The Terminator (1984)
“Just look at it this way, in a 100 years who is going to care?”
* * * *
The Terminator has been written about so many times that I don’t really know what I can add to the petabytes of collected global discourse (including a previous review on this site).
So I bring you my critical addition (coughcop-outcough) to pop culture, the Ten Things I Love About The Terminator. By me.
1. The glorious perms. Towering. Frothing over. Billowing like cumulus clouds from heaven. The sheer enormity of Bess Motta’s hair as Sarah Connor’s headphone wearing-roomate Ginger is a one of the great wonders of the film world. “Better than mortal man deserves.” Indeed.
2. Just how crappy a waitressing job Linda Hamilton has as long-suffering Sarah Connor. I was a waitress for four hours once, and I thought that was bad. Customers yelling, she spills a drink on someone, while a brat fills her apron pocket with ice cream. Purest work hell. I’d be almost grateful for an apocalypse after a diner job in a frilly pink uniform.
3. Bill Paxton (Near Dark) as a punk with a black tire track mark over one eye and stiff blue “liberty spikes” all over his head. Paxton only manages a few expletives and a very, very aborted attempt to stab the naked, time-travelling Arnold Schwarzenegger (End of Days), then he’s gone again. His screen time is little but he’s great.
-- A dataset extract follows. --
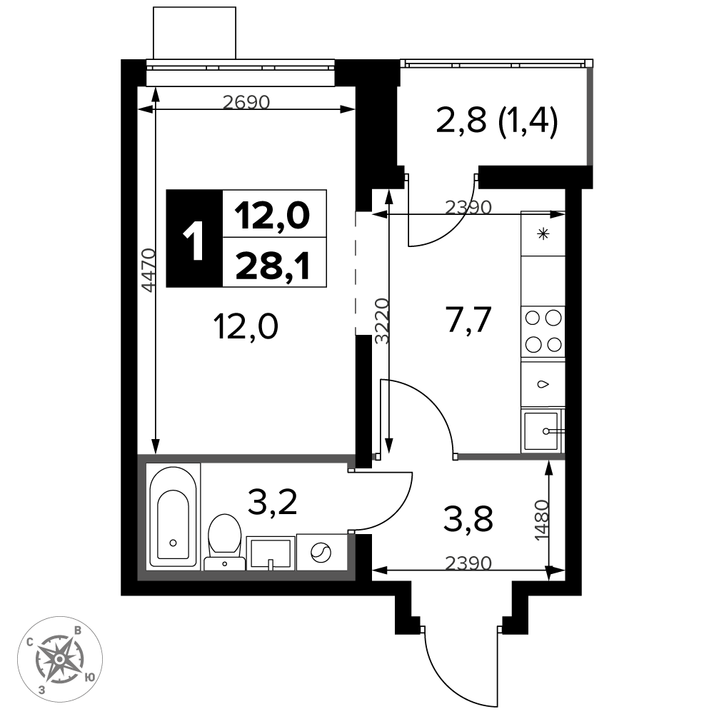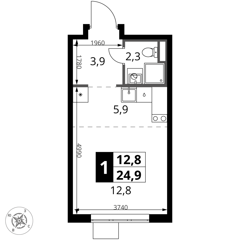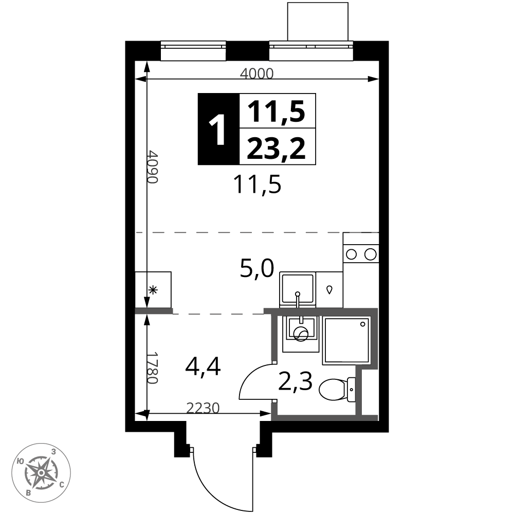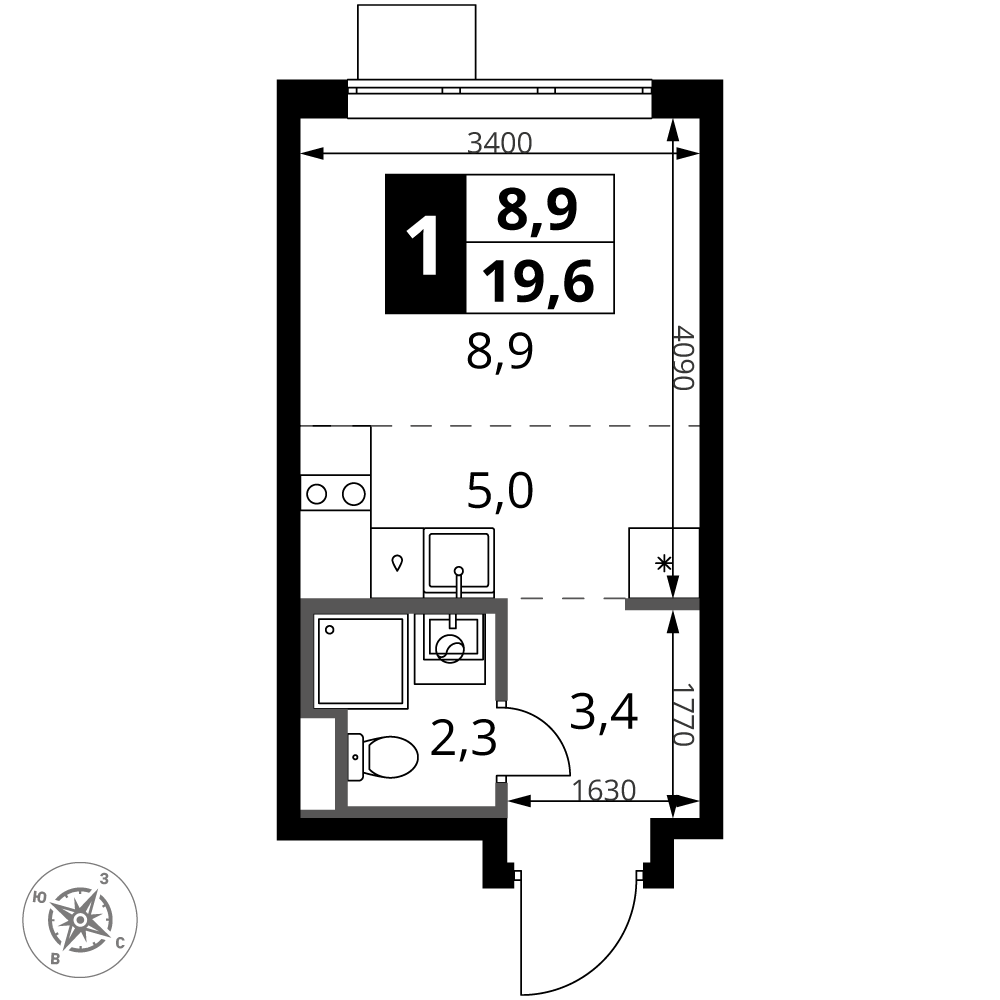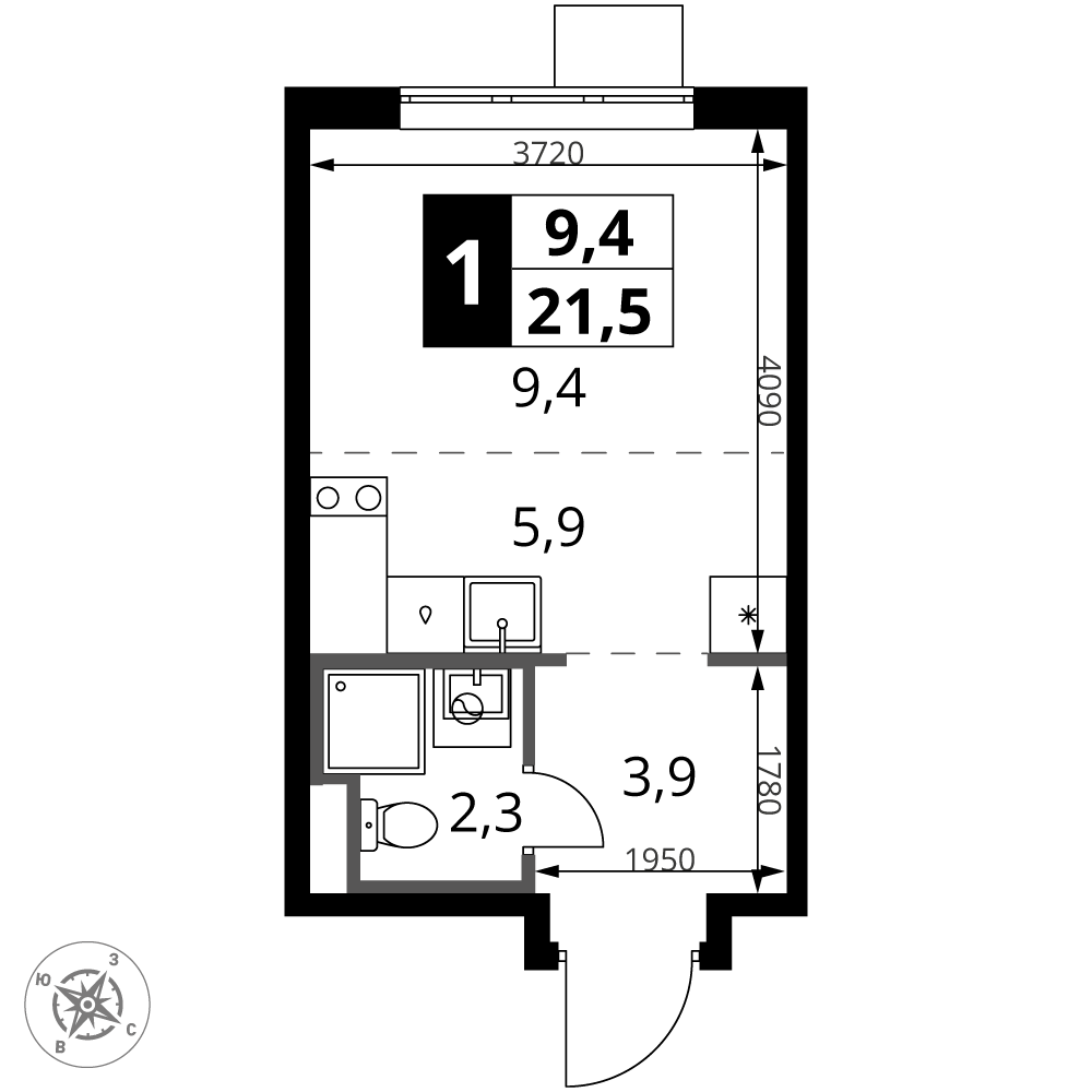 • 1 км до

4. The look on the “Wrong Sarah Connor’s” face (that’s how she’s billed in the credits) played by the great Marianne Muellerleile (Thank You For Smoking). She plays a house wife who is in the wrong place, wrong time with the wrong name. She’s got a look on her face that combines mild annoyance “damn door-to-door salesman” then a soupçon of terror, then just a little shocked outrage right there at the end. Then Arnie shoots her in her expressive face. Then a bunch more times.
5. The way the great Michael Biehn says “Year …the year!” I think Hacker Renders and I say it like that, exactly like that, at least once every fortnight. I realize I love Michael Biehn (Insatiable) quite a lot, I have a lot of respect for him as an actor. He’s great. Also he says “year” more entertainingly than anyone, ever.
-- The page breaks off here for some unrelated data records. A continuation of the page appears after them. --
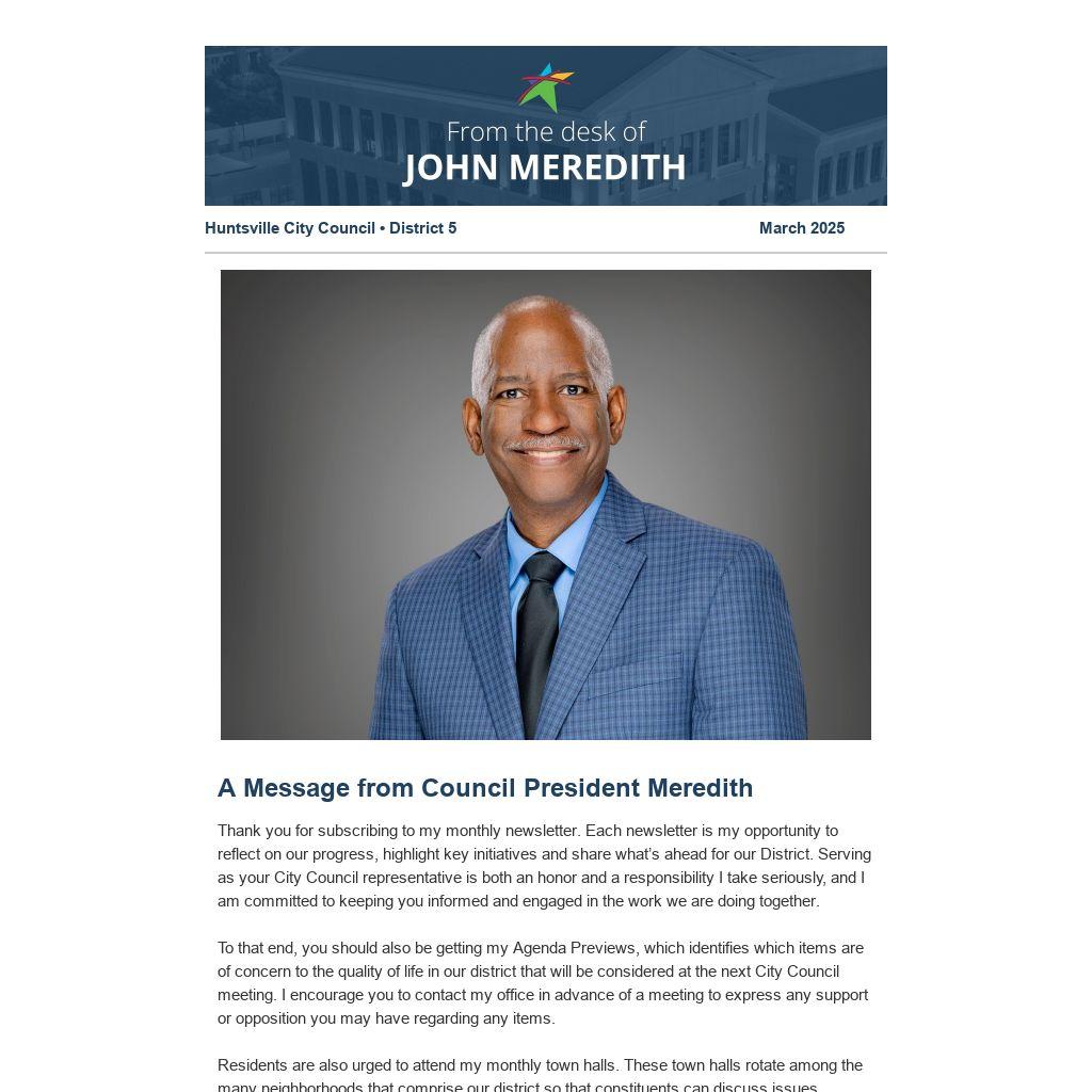 Join Council President Meredith for the District 5 Town Hall on Thursday, March 20, at 6 p.m. at Hope Church, 1661 Balch Road. The topic will be on education, and he will be joined by Carlos Mathews, President of the Huntsville City Schools Board.
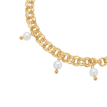 Feminin ankelkæde i stål, belagt med 14 karat guld med små fine shell pearls. Ankelkæden er 25 cm + 4 cm i forlænger. Vandfast med unik holdbarhed.
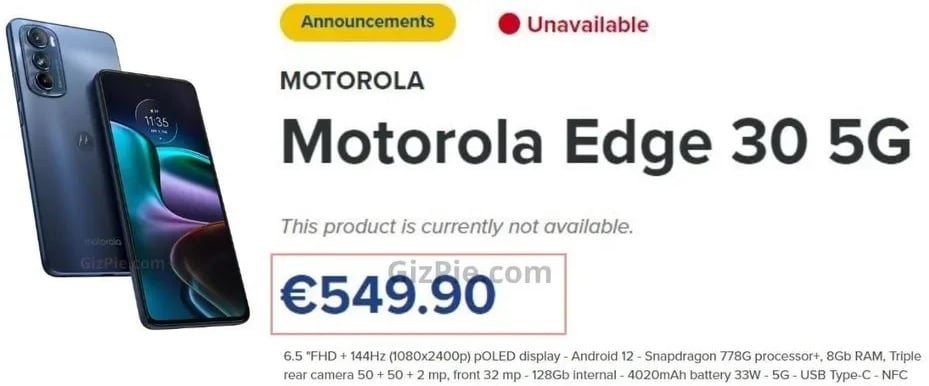 Na zrzucie ekranu widać też kilka szczegółów specyfikacji, które potwierdzają to, czego do tej pory dowiedzieliśmy się o Edge 30 5G. Smartfon napędzany będzie przez procesor Qualcomm Snapdragon 778G+. Wcześniej mówiło się, że ma pojawić się wariant z 6 GB RAM i opcja z 256 GB pamięci masowej. Na pokładzie znajdzie się Android 12 i bateria 4020 mAh z obsługą szybkiego ładowania z mocą 33W. Nie zabraknie też USB-C i NFC.

6. Lance Henriksen (Aliens) as Detective Vukovich turns in another terrific performance, but the best part is his horrifying ‘cop who has seen it all’ stories. Particularly about one about the guy who has um, amorous relations with his dog sets it er, alight. I thought about including the whole lively anecdote. I can’t. (I wonder if they were ad libbed…)
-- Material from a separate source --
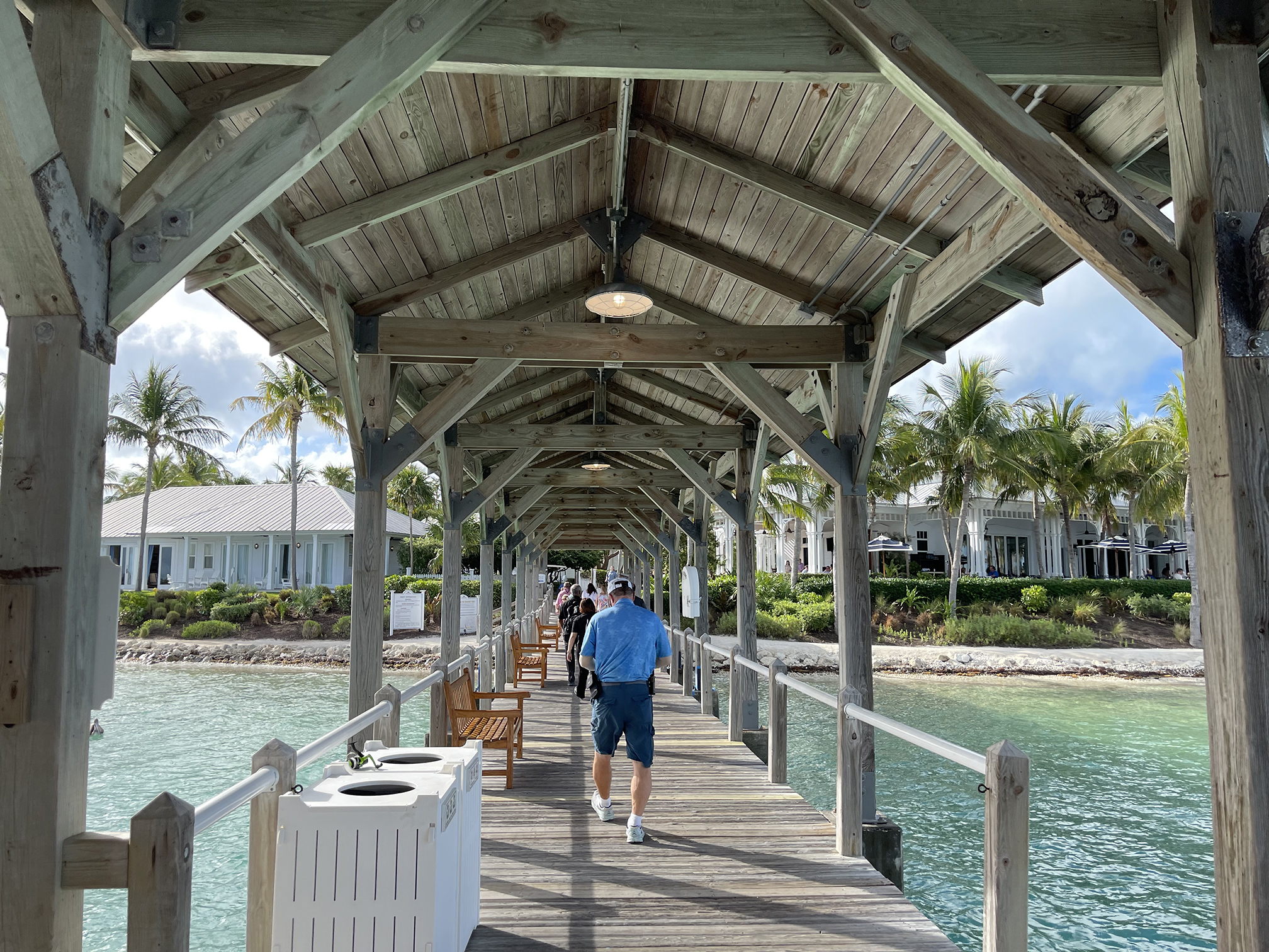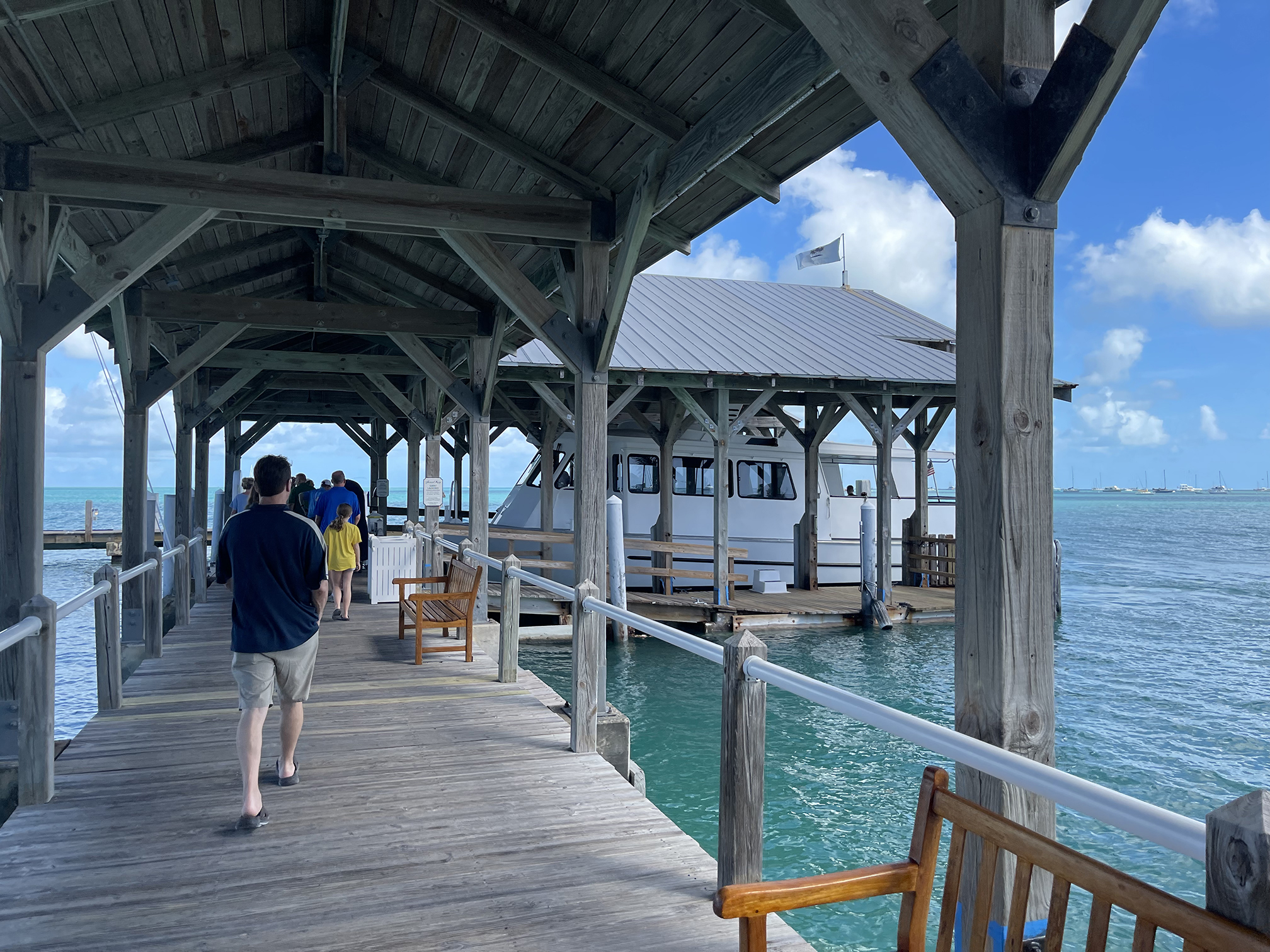 Eventually we got our coffees in hand and walked down towards the Opal Resort (which used to be the Margaritaville Resort, and the Westin before that). It was nearing 9:15am and I noticed that the ferry was already there and loaded with people. We tried to drink all of our coffee before boarding, but sadly had to throw reset of it away.

7. The look on Paul Winfield’s face as Lt. Traxler when Arnie the Terminator storms the police station. This is moments after he tells Sarah she’s safe, “there’s 30 cops out there.” Winfield manages a look that is both terrified and sheepish.
8. Linda Hamilton’s transformation from fluffy-haired waitress (and I do mean fluffy-haired as it is also magnificently huge) to stone-cold warrior. Deeply enjoyable. As I said in my Terminator 2 review, if I were a religious sort, I would pray to the patron saint of Sarah Connor in any disaster situation.
9. Arnold can be quite scary when he wants to be but he’s scary beyond all reason without eyebrows. Scary. Beyond. All. Reason.
10. I am a sucker for a hide and seek, chase-based horror film. This film is that wrapped up in a satisfying science fiction time travelling story. Although as Hacker Renders knows, I am normally opposed to naked time travelling in all its forms. Damned opposed.
Ta dah, I am done. So that’s my contribution to the popular discourse on The Terminator.
Perms, Biehn and story time with Lance Henriksen.